Fasilitas peleburan (smelter) tembaga baru yang dimiliki AMMN mulai dimanfaatkan sekitar 80% pada 2026 dan diproyeksikan beroperasi penuh pada 2027. Hal ini meningkatkan penjualan produk hilir seperti katoda tembaga dan emas murni, yang memiliki margin lebih baik dibanding penjualan konsentrat.

3. Dukungan Harga Komoditas

Harga tembaga dan emas global yang relatif tinggi pada 2025–2026 memberikan dukungan terhadap pendapatan dan laba AMMN. Kombinasi antara kenaikan volume produksi dan harga komoditas yang kuat menciptakan momentum positif bagi kinerja perusahaan.

Proyeksi Pendapatan dan Laba

Pendapatan 2026

Berdasarkan berbagai riset sekuritas:

Pendapatan AMMN pada 2026 diperkirakan mencapai sekitar US$ 3,79–4,04 miliar.

Angka ini berarti pertumbuhan 105–117% dari level 2025.

Laba Bersih dan EBITDA

Laba bersih 2026 diproyeksi naik menjadi US$ 806 juta hingga US$ 1,091 miliar, atau tumbuh 223% hingga lebih dari 300% dari 2025.

EBITDA diperkirakan mencapai US$ 1,94–2,04 miliar dengan margin mendekati 50%, menandakan peningkatan efisiensi dan profitabilitas.

Lonjakan ini terutama didorong oleh peningkatan volume produksi, pemanfaatan smelter yang lebih optimal, serta peningkatan penjualan produk hilir yang lebih bernilai tinggi.

Rekomendasi dan Target Harga Saham

AMMN 2026: Siklus Pertumbuhan Baru dengan Lonjakan Pendapatan 117%
(Foto Saham AMMN dari Google Finansial)
Mayoritas sekuritas memberikan rekomendasi beli (BUY) untuk saham AMMN dengan berbagai target harga:

BRI Danareksa Sekuritas: BUY, target Rp6.000 per saham, berbasis metode SOTP.
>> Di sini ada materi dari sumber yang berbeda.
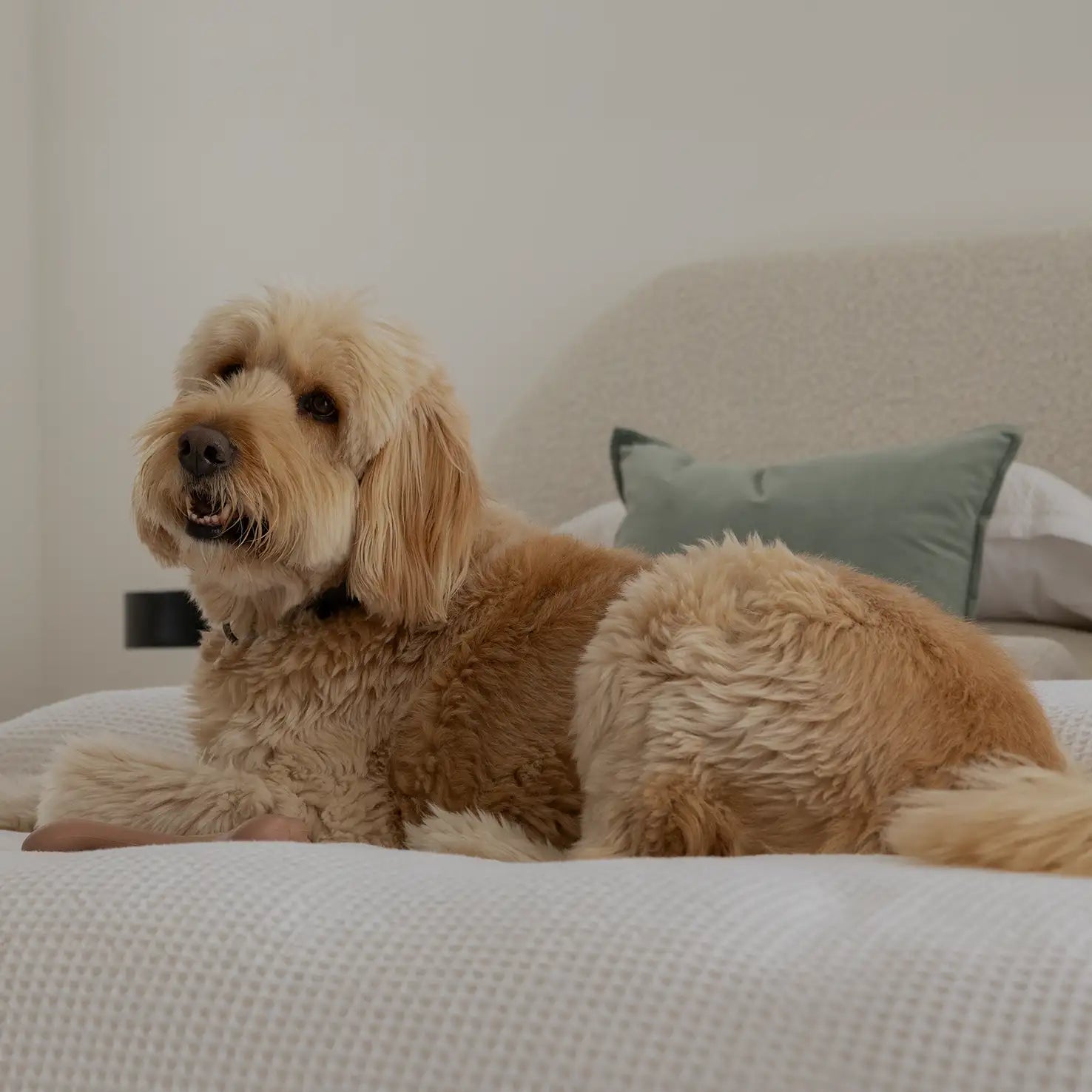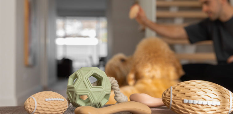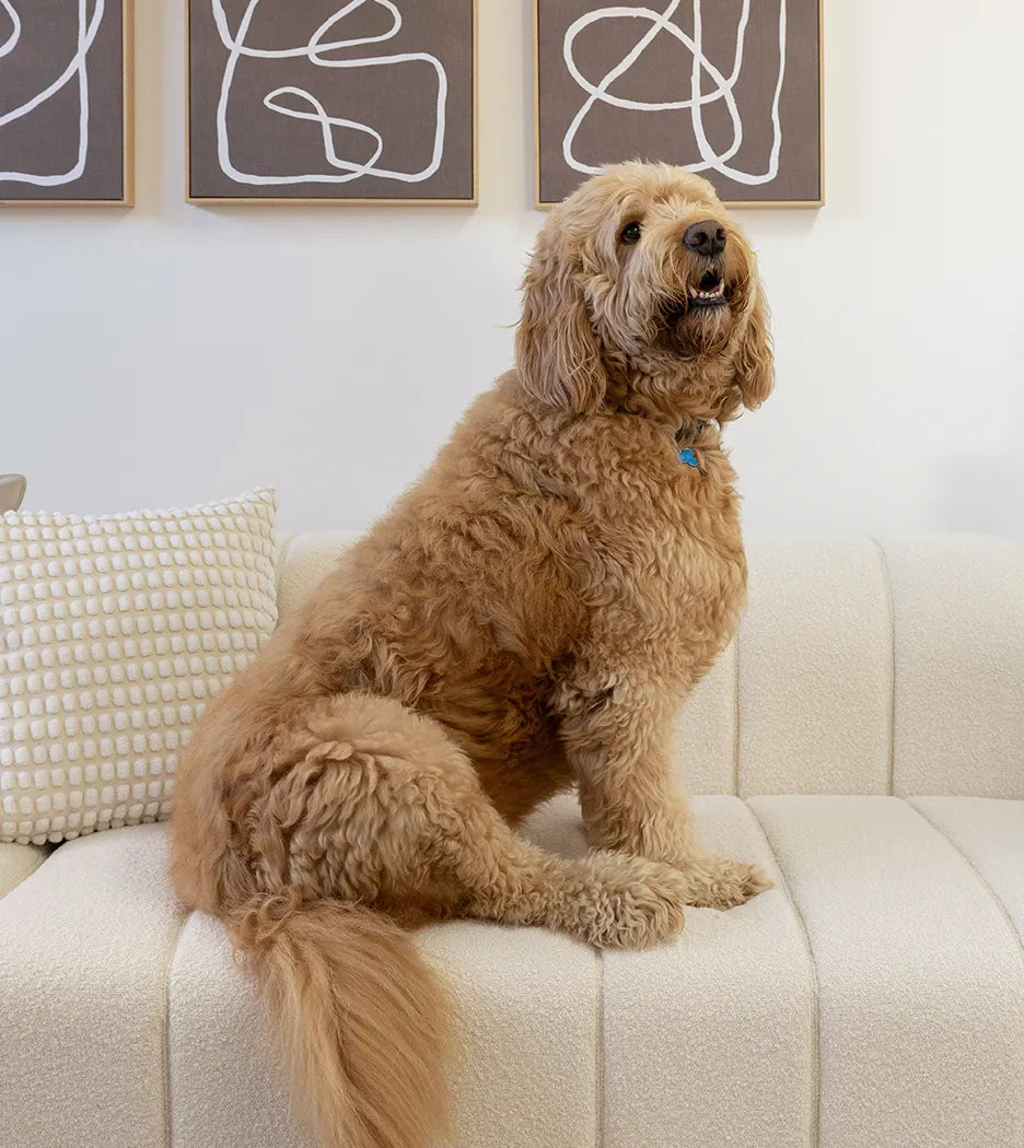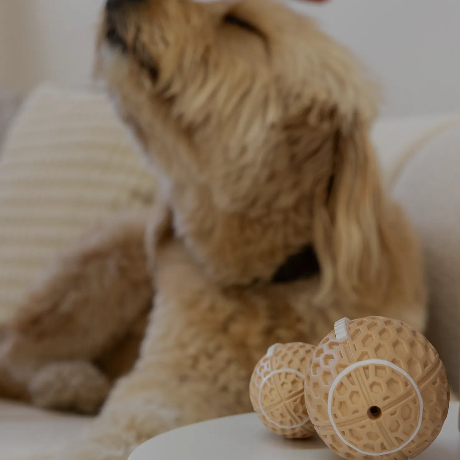 We’re Cassie and Paddy, partners in life and business who are completely obsessed with our Oodles Tex and Hughie. Inspired by their energy, intelligence and love for play, we set out to create toys that could keep up with them while still looking beautiful in the home.

InvestorTrust: BUY, target Rp6.500 per saham, dengan upside lebih dari 100%.

Sucor Sekuritas: BUY, target Rp11.000 per saham, dengan proyeksi ROE 23% pada 2028.
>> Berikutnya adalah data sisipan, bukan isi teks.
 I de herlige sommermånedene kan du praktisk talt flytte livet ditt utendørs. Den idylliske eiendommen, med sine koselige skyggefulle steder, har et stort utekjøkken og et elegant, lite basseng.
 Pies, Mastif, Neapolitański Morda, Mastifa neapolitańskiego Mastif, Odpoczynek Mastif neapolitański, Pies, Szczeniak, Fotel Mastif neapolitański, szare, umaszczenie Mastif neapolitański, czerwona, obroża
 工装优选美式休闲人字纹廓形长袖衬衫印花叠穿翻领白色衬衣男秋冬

Henan Sekuritas: BUY, target Rp9.550 per saham, didukung pemulihan produksi dan kapasitas smelter.

Analisis unabhängen (berdasarkan riset terbaru): BUY, target Rp11.000, dengan upside sekitar +125% dari harga sekitar Rp4.890.
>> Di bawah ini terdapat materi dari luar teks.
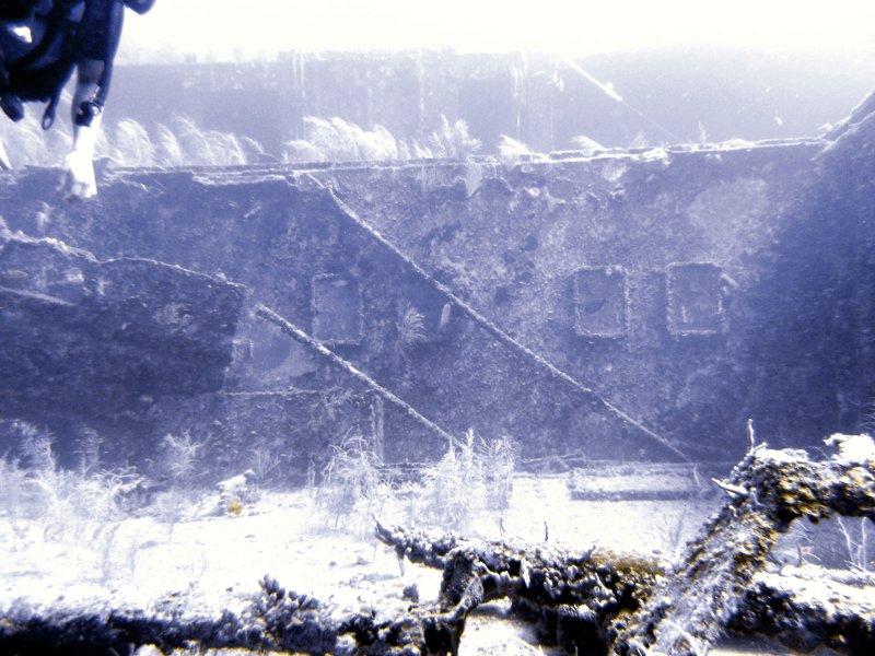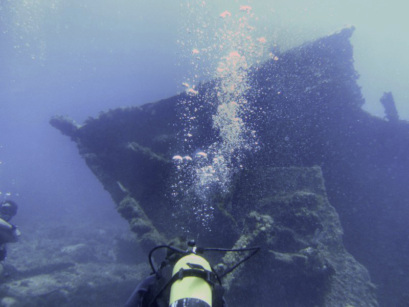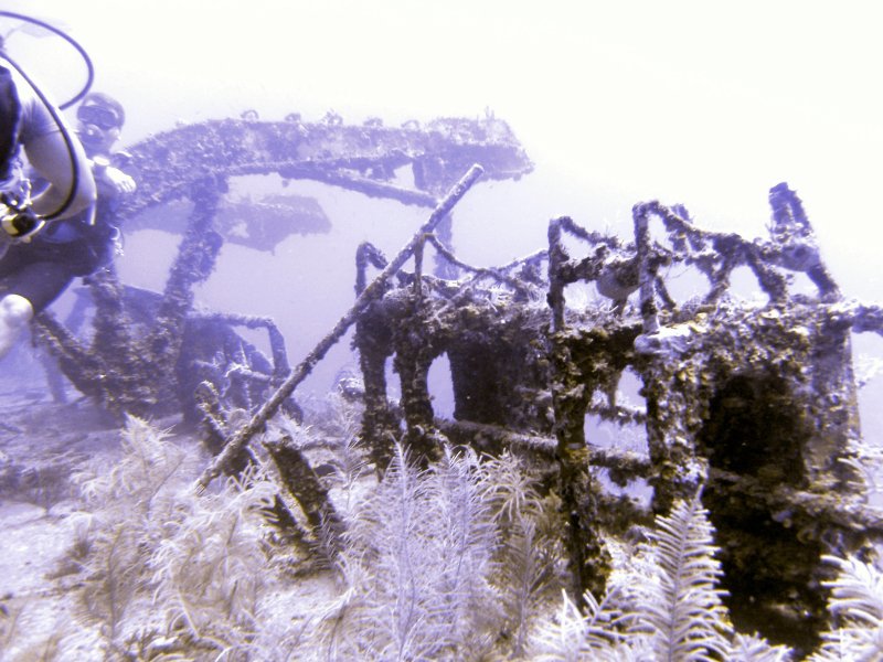 Swimming up and down the decks, through a few of the openings and around the remains of the hull was a great dive, but all too soon we were heading back to the shotline and surfacing.

Rentang target harga yang lebar menunjukkan perbedaan asumsi dalam proyeksi produksi, harga komoditas, dan metode valuasi, namun arah rekomendasi mayoritas tetap positif.

Risiko yang Perlu Dicermati

Meskipun prospek AMMN terlihat kuat, beberapa risiko perlu diperhatikan:

Harga komoditas global: Penurunan signifikan harga tembaga atau emas dapat menekan pendapatan dan laba.

Kendala operasional: Masalah teknis, cuaca ekstrem, atau kendala regulasi dapat mengganggu produksi tambang dan smelter.

Regulasi ekspor dan lingkungan: Perubahan kebijakan ekspor konsentrat atau persyaratan lingkungan dapat berdampak pada operasional perusahaan.

Volatilitas pasar saham: Harga saham AMMN tetap dapat bergejolak akibat sentimen pasar global dan domestik, termasuk faktor suku bunga dan arus modal internasional.

AMMN sedang memasuki fase pertumbuhan baru yang didukung oleh normalisasi produksi Batu Hijau, pemanfaatan smelter yang lebih optimal, serta kondisi harga komoditas yang mendukung. 

Dengan proyeksi pendapatan yang hampir dua kali lipat dan laba bersih yang melonjak drastis pada 2026, banyak analis menilai saham ini layak dibeli dengan potensi upside yang menarik. 

Namun, investor tetap perlu mempertimbangkan risiko komoditas, operasional, dan regulasi sebelum mengambil keputusan investasi.